Dimensionally stable anodes (DSAs) are regarded to be optimized electrodes for electrochlorination owing to their excellent electrocatalytic activity for the chlorine evolution reaction (CER). However, in dilute chloride solutions, DSAs preferentially produce oxygen rather than chlorine because of their low overpotential for oxygen evolution reaction (OER). Considering the frequent use of electrochlorination in dilute conditions, the poor efficiency of DSAs severely limits their environmental and industrial applications. Therefore, the aim of this study is to improve the CER efficiency of IrO₂ in dilute chloride solutions with the addition of Fe₂O₃ as a co-catalyst which has a slow reaction rate of OER. In a dilute chloride solution of 1 mM NaCl, Ir_0.11Fe_0.25O_0.64 showed a far higher current efficiency for CER (28%) than that of IrO₂ (3%). Ir_0.11Fe_0.25O_0.64 also exhibited better current efficiency in NaCl solution of various concentrations (1 mM to 2 M) than that of IrO₂. This is attributed to the synergistic effect of Fe₂O₃ (slow OER rate) and IrO₂ (fast CER rate). Moreover, the long-term stability of Ir_0.11Fe_0.25O_0.64 was demonstrated with tap water electrolysis for 50 days. These results suggest that Ir_0.11Fe_0.25O_0.64 has great potential to expand the scope of application of the electrochlorination system, particularly in dilute solutions.
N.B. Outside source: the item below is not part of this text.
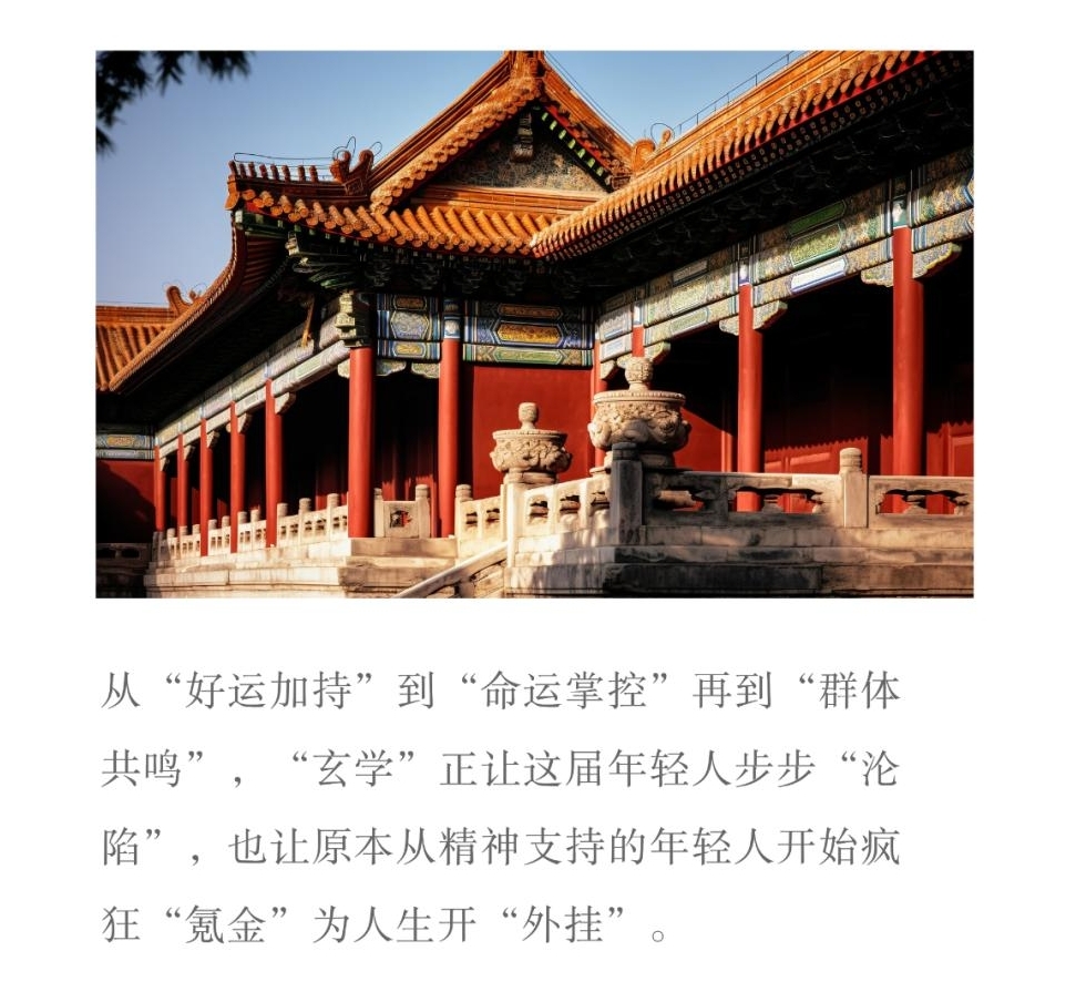 “玄学”到来的恰逢其时,其所带来的情绪价值和精神能量,让这些身处困惑与迷茫中的年轻人得到了一种由内而外的“精神疗愈”。

尺寸稳定的阳极 (DSA) 被认为是用于电氯化的优化电极，因为它们对析氯反应 (CER) 具有出色的电催化活性。然而，在稀氯化物溶液中，DSA 优先产生氧而不是氯，因为它们的析氧反应 (OER) 过电位较低。考虑到在稀释条件下频繁使用电氯化，DSA 的低效率严重限制了它们的环境和工业应用。因此，本研究的目的是提高 IrO ₂在稀氯化物溶液中的 CER 效率，加入 Fe ₂ O ₃作为 OER 反应速率缓慢的助催化剂。在 1 mM NaCl、Ir 的稀氯化物溶液中_0.11 Fe _0.25 O _0.64的 CER 电流效率 (28%) 远高于 IrO ₂ (3%)。Ir _0.11 Fe _0.25 O _0.64在各种浓度（1 mM 至2 M）的NaCl 溶液中也表现出比IrO ₂更好的电流效率。这归因于 Fe ₂ O ₃（慢 OER 速率）和 IrO ₂（快 CER 速率）的协同效应。此外，用自来水电解 50 天证明了Ir _0.11 Fe _0.25 O _0.64的长期稳定性。这些结果表明 Ir _0.11Fe _0.25 O _0.64具有扩大电解氯化系统应用范围的巨大潜力，特别是在稀溶液中。